The superintendent gave a brief overview of the district’s Science, Technology, Engineering and Math (STEM) initiatives, which were broadened this year to include the arts (STEAM). She cited the after-school robotics program, the new “makerspace” package won by a Hamagrael teacher, K-12 computer coding initiatives, the push to obtain Chromebooks for every student in grades 3-12 and the high school teacher who earned an opportunity to work on a research project with NASA and share what she learns with faculty and students.

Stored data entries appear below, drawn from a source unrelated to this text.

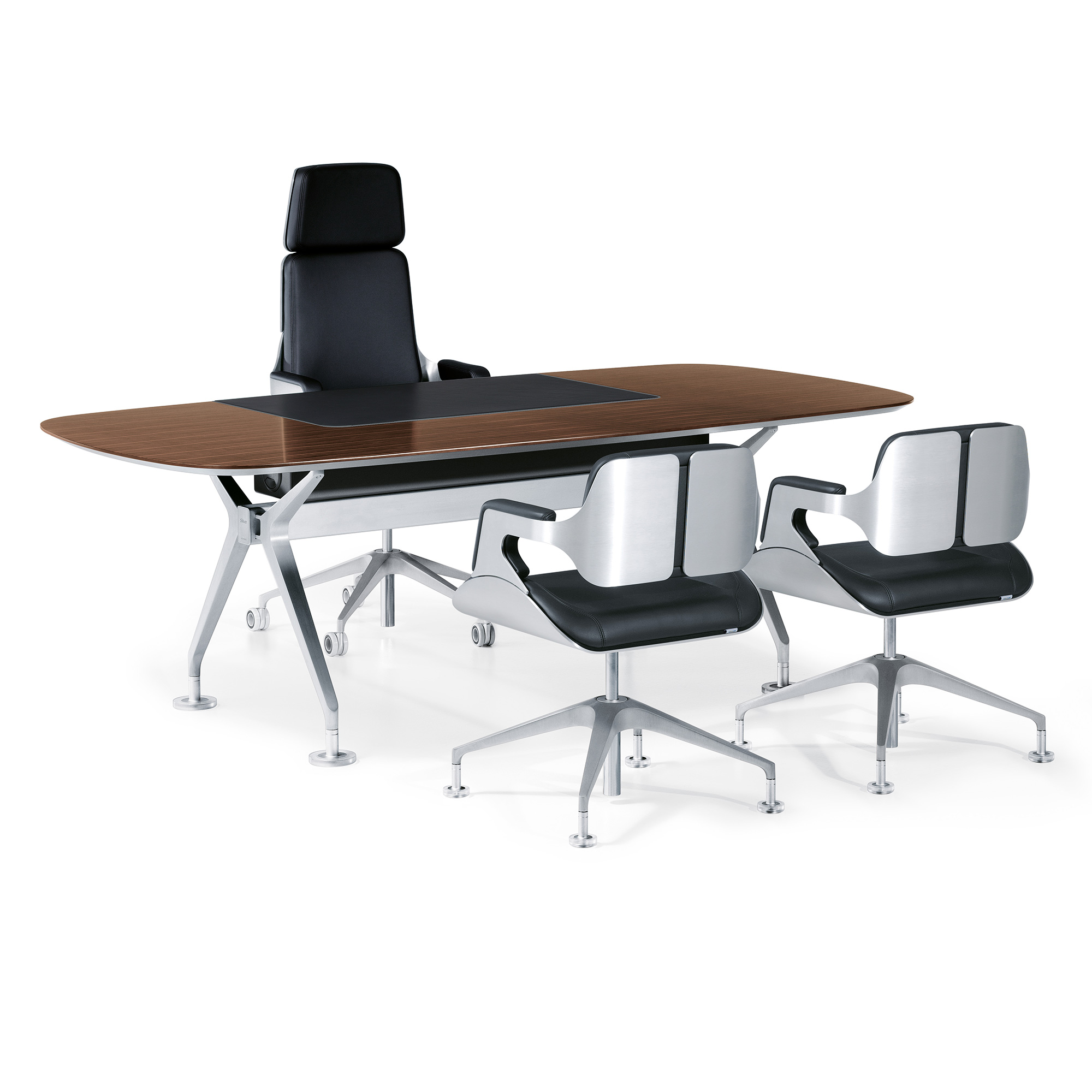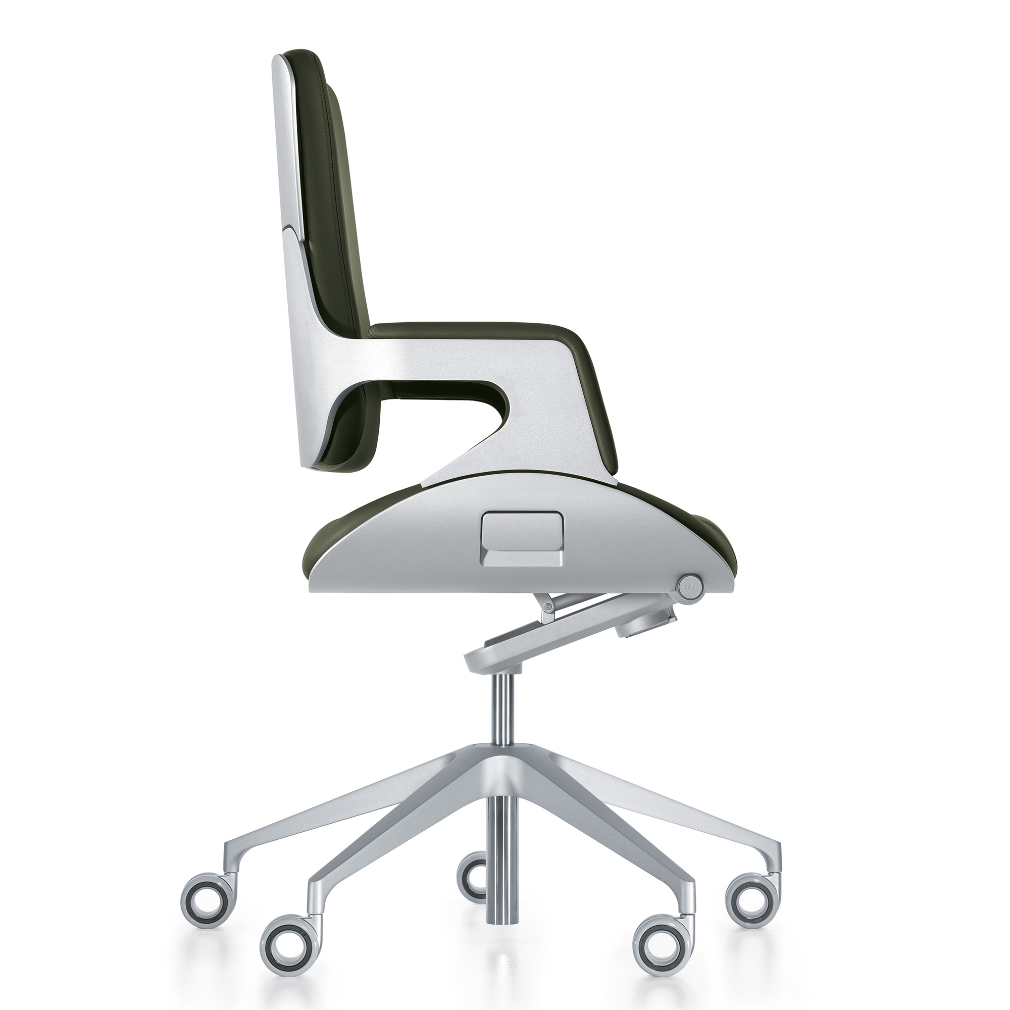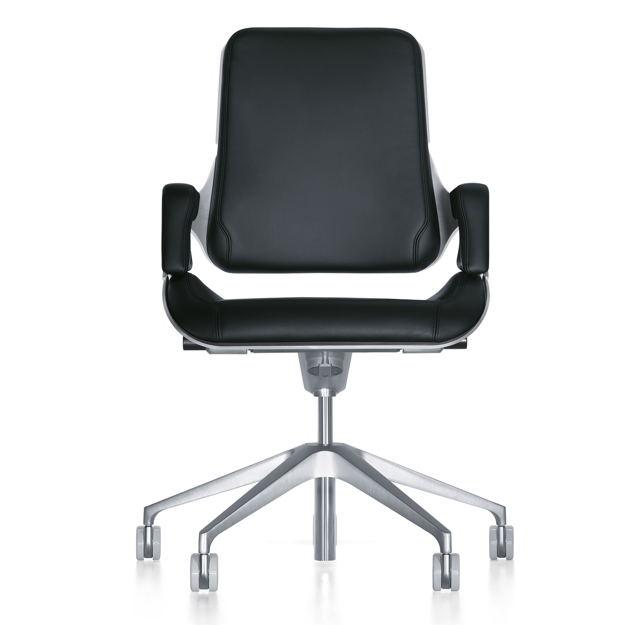 Interstuhl Silver 362S - der Chefbüro-Klassiker von Interstuhl. Designer: Hadi Teherani. Der Silver 362S besticht durch Klarheit in der Gestaltung und die konsequente und kompromisslose Umsetzung der Design-Idee. Im Fokus stehen die Wertigkeit der verwendeten Materialien und Oberflächen. Der optionale Lederbezug rundet das präzise Design durch eine klare Aussage ab. Die präzise Formensprache des Interstuhl Silver 362S Bürostuhls für Chefbüros erzeugt ein eindeutiges Bild - markant und trotzdem ruhig. Präsent in jedem Raum - ob Chefbüro, Konferenzraum oder Privatbibliothek. Die Formen des Silver 362S erinnern an Elemente aus dem hochwertigen Fahrzeugbau. Die Integration der Sitzmechanik in die markante Sitzschale erzeugt ein nahtloses Exterieur. Der Interstuhl Silver 362S lässt sich mühelos einstellen - der in das nahtlose Design integrierte Hebel auf der rechten Seite sorgt für die Einstellung der Sitzhöhe. Der Hebel auf der linken Seite hingegen arretiert die Rückenlehne in Ihrer gewünschten Sitzposition. Die elegant verstecke Kurbel unter der Sitzfläche bestimmt den Gegendruck der Rückenlehne mit wenigen Handgriffen passend zu Ihrem Körpergewicht. Konfigurieren Sie sich noch heute Ihren persönlichen Interstuhl Silver 362S in unserem 3D-Konfigurator.Ausstattung des Interstuhl Silver 362SHohe Rückenlehne mit integrierter KopfstützeSitz, Rücken und Armlehnen sind gepolstert, die Stoffe lassen sich sowohl in der Art der Stoffe als auch der Farbe frei wählenSynchronmechanik, welche Sitz und Rücken synchron bewegen lässt, die Rückenlehne lässt sich arretieren, der Gegendruck lässt sich per Kurbel unter dem Sitz einstellenGeeignet für personen von 50 bis 120 kgWahlweise weiche Rollen für alle harten Böden oder harte Rollen für TeppichbodenHaltbares Aluminiumfußkreuz, farblich passend zu allen weiteren Aluminiumteilen des Interstuhl Silver BürostuhlsMetallteile wahlweise pulverbeschichtet weiß oder gebürstet silber, glänzendUmweltfreundlicher Materialeinsatz: Sämtliche Materialien sind recyclebarAnsprechendes und zeitloses Design, ein Aluchair-KlassikerSofort einsatzbereit - der Stuhl wird fertig montiert bei Ihnen angeliefertAbmessungen des Interstuhl Silver 362SHöhe der Rückenlehne: 800 mmSitzhöhe: 410 - 510 mmSitzbreite: 480 mmSitztiefe: 480 mmGesamthöhe: 1320 mmGesamtbreite: 580 mmGesamttiefe: 720 mmGewicht: 40 kgHaben Sie weitere Fragen zu den Ausstattungsmerkmalen des Interstuhl Silver 362S Bürostuhls? Unsere Ergonomie-Experten beraten Sie gerne.
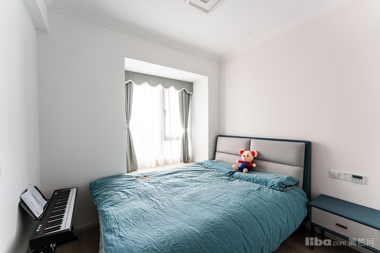 床上的玩具是孩子的最爱,床头的钢琴则是孩子的兴趣爱好。床铺颜色以蓝色为主,有助于孩子的睡眠。
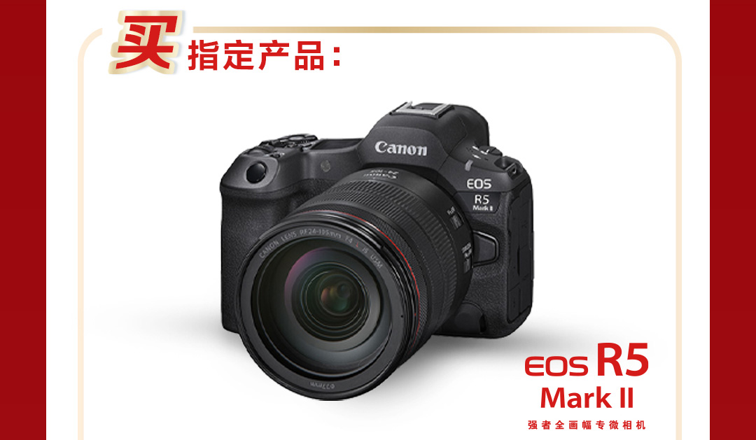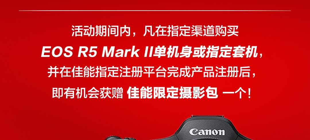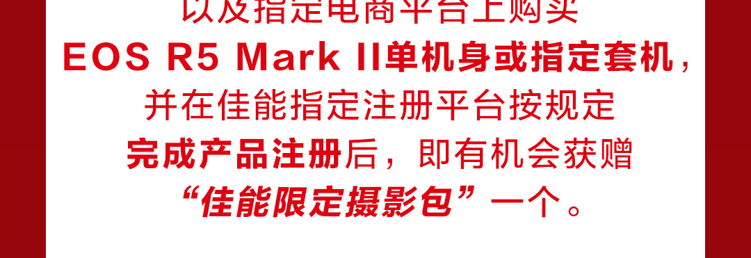 自2026年1月26日(00:00:00)至2026年3月31日(23:59:59)期间,凡在中华人民共和国大陆地区的佳能(中国)有限公司(以下简称“佳能”或“佳能中国”)的认证经销商(认证经销商信息请查询佳能官方网站的经销商查询页面http://www.canon.com.cn/buy/sale/index.html)以及指定电商平台(佳能官方线上商城、佳能天猫官方旗舰店、京东佳能官方旗舰店、佳能影像京东自营旗舰店、佳能小红书官方旗舰店、佳能抖音官方旗舰店)上购买佳能指定产品(中国大陆全新正品行货):EOS R5 Mark II单机身或指定套机,并在佳能指定注册平台(佳服务页面https://www.canon.com.cn/support/pregister/login/index,或微信【佳能佳服务】小程序)按规定完成产品注册后,即有机会获赠佳能限定摄影包1个(尺寸:约44*30*17cm;礼品材质:高性能防水布+PU);
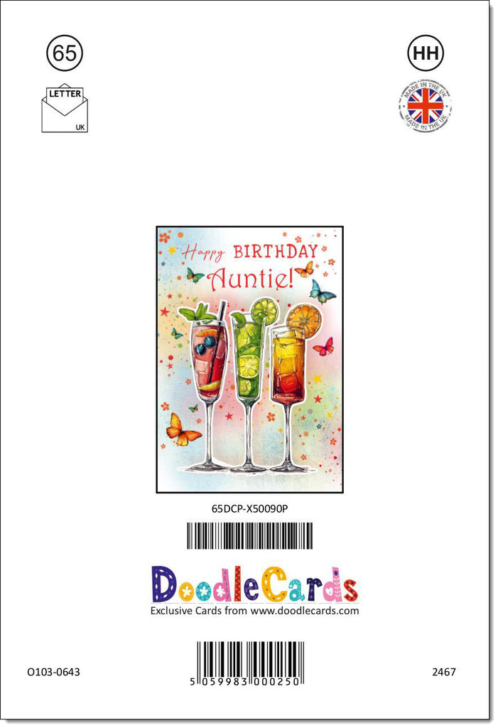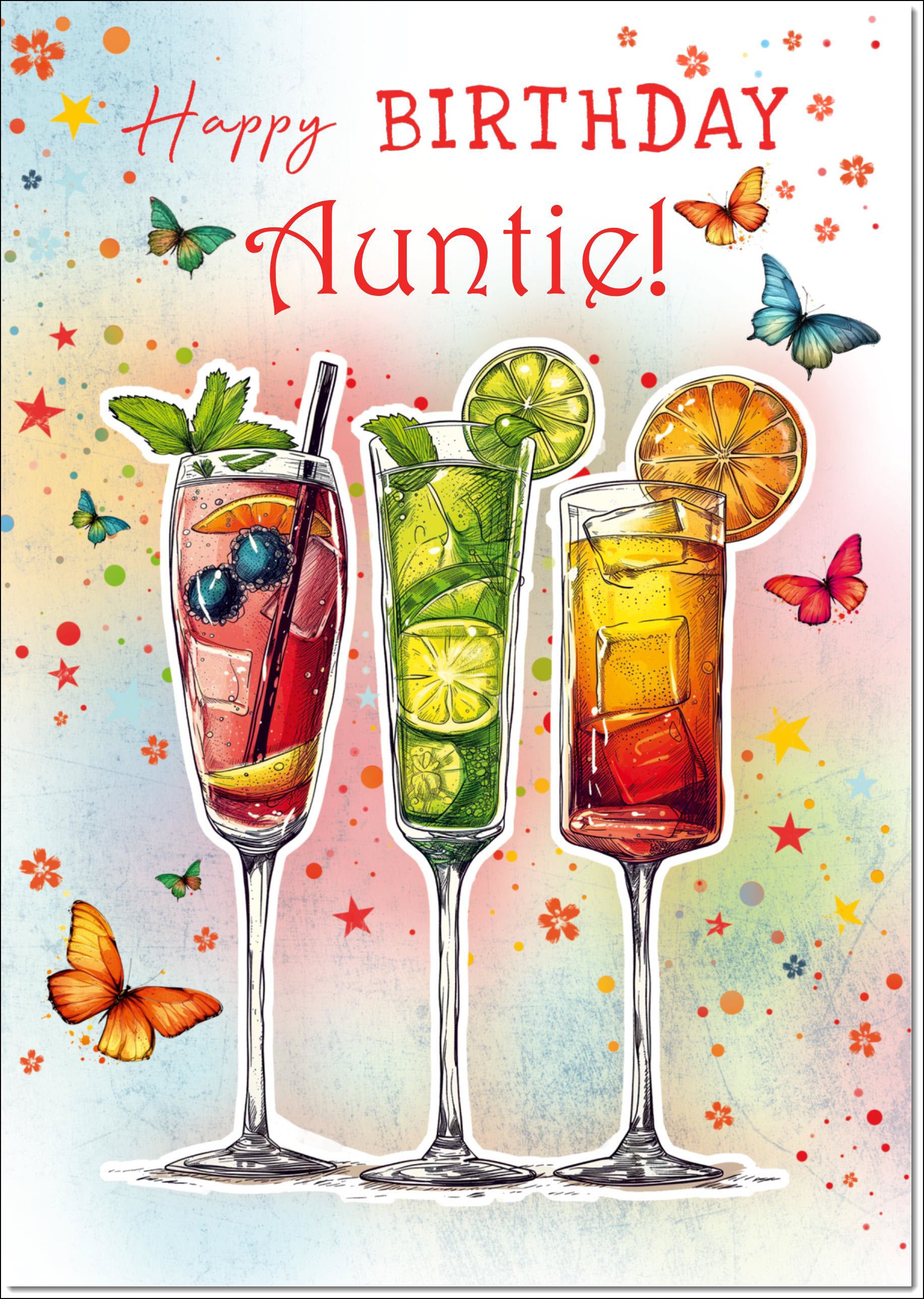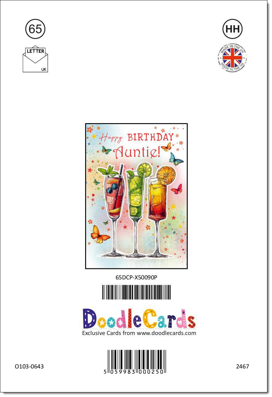 Auntie Birthday Card Cocktails and Butterflies
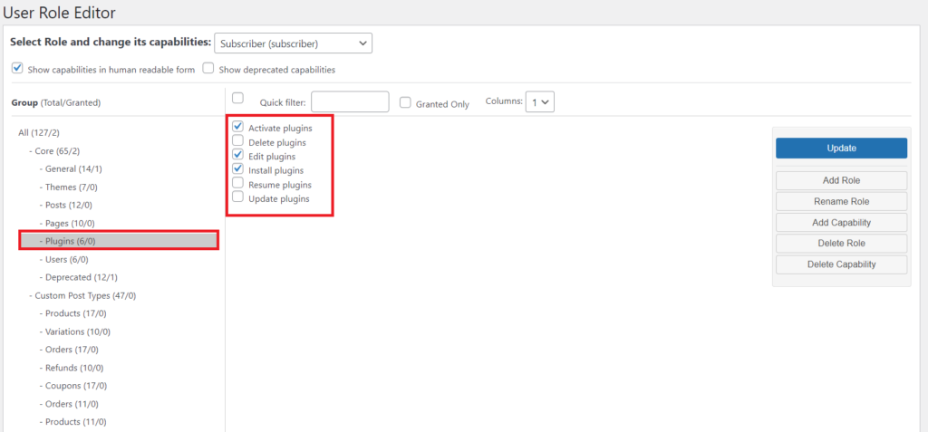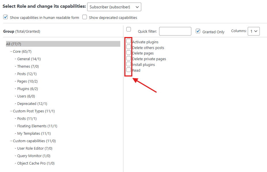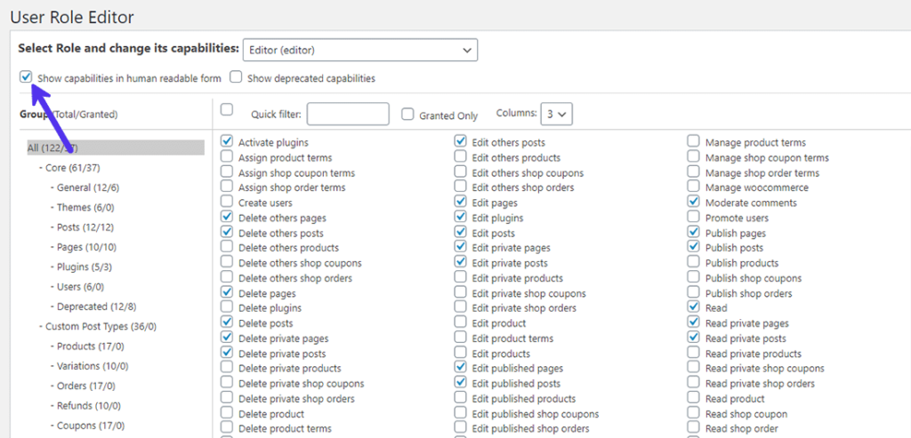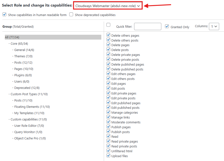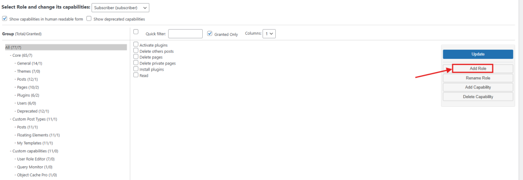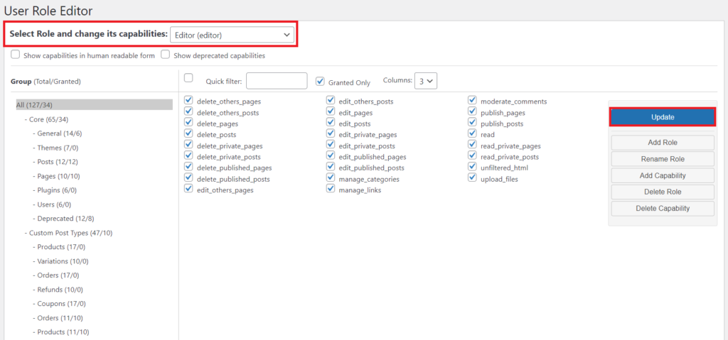注意:User Role Editor不允许您删除WordPress的内置角色或权限。如果它分配给任何用户,它也不允许您删除任何自定义角色,如果它分配给任何非管理员角色,它也不允许您删除任何自定义权限。
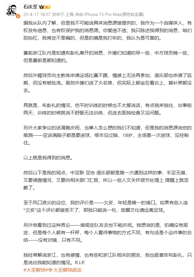 我经常解说浙江,也有感情,也有些和浙江队相关的朋友,我也挺喜欢布彭扎,只是说出我能知道的情况。R.I.P.

In other accolades: every Bethlehem sports team competing in the fall was named a Scholar-Athlete team by the New York State Public High School Athletic Association; the 2016 National History Bowl team placed third in the nation; and Bethlehem won the 2016 NYS Masterminds competition, placed first in a state stock market challenge and produced six National Merit Semifinalists. Of the 402 current seniors, 348 have cumulative grade point averages of a B or higher and Advanced Placement exams have netted Bethlehem students more than 4,000 applicable accredited college hours — to the tune of nearly $1.4 million in college tuition savings.
Turning to talk of district finance, Monroe pointed out that per pupil costs in Bethlehem are almost $6,900 less than in similar districts and approximately $3,200 less than the state average. According to data provided by the New York State United Teachers union (NYSUT), the cost to educate students in Bethlehem has grown at a slower rate than other districts around the state.
“The next several meetings we have will focus on the budget,” said Monroe. BCSD Chief Financial Officer Judy Kehoe will give the initial budget presentation during the Feb. 15 Board of Education meeting with subsequent meetings focusing on the various areas that the budget covers. The final budget hearing will take place on May 3 and residents will vote on Tuesday, May 16.
On the same night, residents will also vote to fill three open seats on the Board of Education. While two sitting board members—President Matt Downing and Albany County Legislator Joanne Cunningham—have indicated that they will not run for re-election, Christine Beck will campaign to retain her seat.